Deciding between a dynamic or a static web page will probably be one of the first important things you do when building a website.

Unsure of what those terms mean? Stick around for our high-level overview; this time focused on static web, so you can be one step further to making the essential initial decision.

What is a static website?

To start off, let’s take a look at the meaning of a static website. A basic definition of a static website could be as follows: A static website (also a static web page or a static web) is a website that appears the same for every user, despite the user’s settings and preferences and other factors like location or local time.

As Pluralsight elaborates, a static web is made up of “fixed code” stored on a web server. When a user uses a URL to request a page from the server, the server ships the code back without any alterations. As a result, these sites are delivered to users precisely the way they’re stored.

Static sites pros and cons; how do they work?

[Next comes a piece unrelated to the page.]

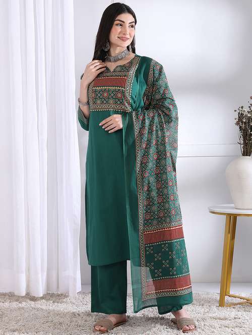 - Find gorgeous sets of ethnic wears in trending designs in teal colors suitable for casual wear of occasions.
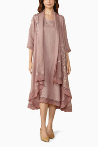 This free-flowing jacket, paired with a fitted dress featuring 3/4th sleeves, is adorned with layers of lace for a relaxed fit that drapes beautifully. The design exudes effortless elegance, enhanced by delicate hand-embroidered cotton vines with subtle golden accents. Blooming into vibrant crystal dahlia flowers, transferred with heat-pressed craft, this ensemble adds a touch of warmth and sophistication, perfect for a polished and graceful look.

To help you get an even better understanding of what a static site is, let’s go a bit beyond the basic static web page definition. The “fixed code” of a static site is a series of HTML files, where each file represents a physical page of a website.

This means that if you want to update or alter something on your pages, you will have to go and manually change every HTML file. Similarly, if you want to add a new page, you will simply need to create a new HTML file.

These sites are mainly used to display information, but as HubSpot explains, that doesn’t mean that they can’t be engaging. They can include visuals like images and videos, links and clickable buttons, or forms and downloadables.

Pros and cons of static sites

While researching static web development, you may be wondering about the pros and cons of static sites.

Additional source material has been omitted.